__Exercise objective__.
Every line of the records below from the line with "A beautiful hardcover" up to and including the line with "目前,农作物所需的最长生长时" must be reproduced exactly, and no line outside that range.

__Information__.
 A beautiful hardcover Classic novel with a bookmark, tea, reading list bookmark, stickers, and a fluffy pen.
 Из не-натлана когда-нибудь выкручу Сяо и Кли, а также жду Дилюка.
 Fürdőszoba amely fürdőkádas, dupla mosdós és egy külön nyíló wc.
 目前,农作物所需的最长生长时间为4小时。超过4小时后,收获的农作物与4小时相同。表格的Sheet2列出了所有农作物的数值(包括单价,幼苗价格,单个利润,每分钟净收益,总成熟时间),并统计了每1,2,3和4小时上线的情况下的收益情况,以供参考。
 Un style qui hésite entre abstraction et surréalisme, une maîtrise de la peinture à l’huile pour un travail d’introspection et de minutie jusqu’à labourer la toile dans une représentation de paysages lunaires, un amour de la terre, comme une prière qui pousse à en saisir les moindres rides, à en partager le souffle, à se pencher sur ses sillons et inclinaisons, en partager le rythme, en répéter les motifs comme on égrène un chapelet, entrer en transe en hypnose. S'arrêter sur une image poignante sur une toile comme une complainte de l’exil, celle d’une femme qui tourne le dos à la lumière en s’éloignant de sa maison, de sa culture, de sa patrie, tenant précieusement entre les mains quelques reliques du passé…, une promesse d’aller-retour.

* * *

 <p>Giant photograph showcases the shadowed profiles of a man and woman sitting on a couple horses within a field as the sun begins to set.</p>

* * *

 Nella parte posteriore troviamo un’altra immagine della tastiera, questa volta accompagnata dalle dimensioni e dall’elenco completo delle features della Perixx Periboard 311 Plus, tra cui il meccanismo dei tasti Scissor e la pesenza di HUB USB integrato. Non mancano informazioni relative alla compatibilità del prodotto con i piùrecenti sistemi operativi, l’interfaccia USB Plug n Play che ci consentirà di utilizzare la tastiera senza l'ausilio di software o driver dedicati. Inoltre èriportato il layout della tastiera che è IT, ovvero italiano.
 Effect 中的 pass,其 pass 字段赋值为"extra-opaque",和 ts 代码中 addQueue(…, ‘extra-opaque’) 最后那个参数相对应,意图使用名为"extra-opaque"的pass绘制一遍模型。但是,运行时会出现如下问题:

__Finished exercise__.
 A beautiful hardcover Classic novel with a bookmark, tea, reading list bookmark, stickers, and a fluffy pen.
 Из не-натлана когда-нибудь выкручу Сяо и Кли, а также жду Дилюка.
 Fürdőszoba amely fürdőkádas, dupla mosdós és egy külön nyíló wc.
 目前,农作物所需的最长生长时间为4小时。超过4小时后,收获的农作物与4小时相同。表格的Sheet2列出了所有农作物的数值(包括单价,幼苗价格,单个利润,每分钟净收益,总成熟时间),并统计了每1,2,3和4小时上线的情况下的收益情况,以供参考。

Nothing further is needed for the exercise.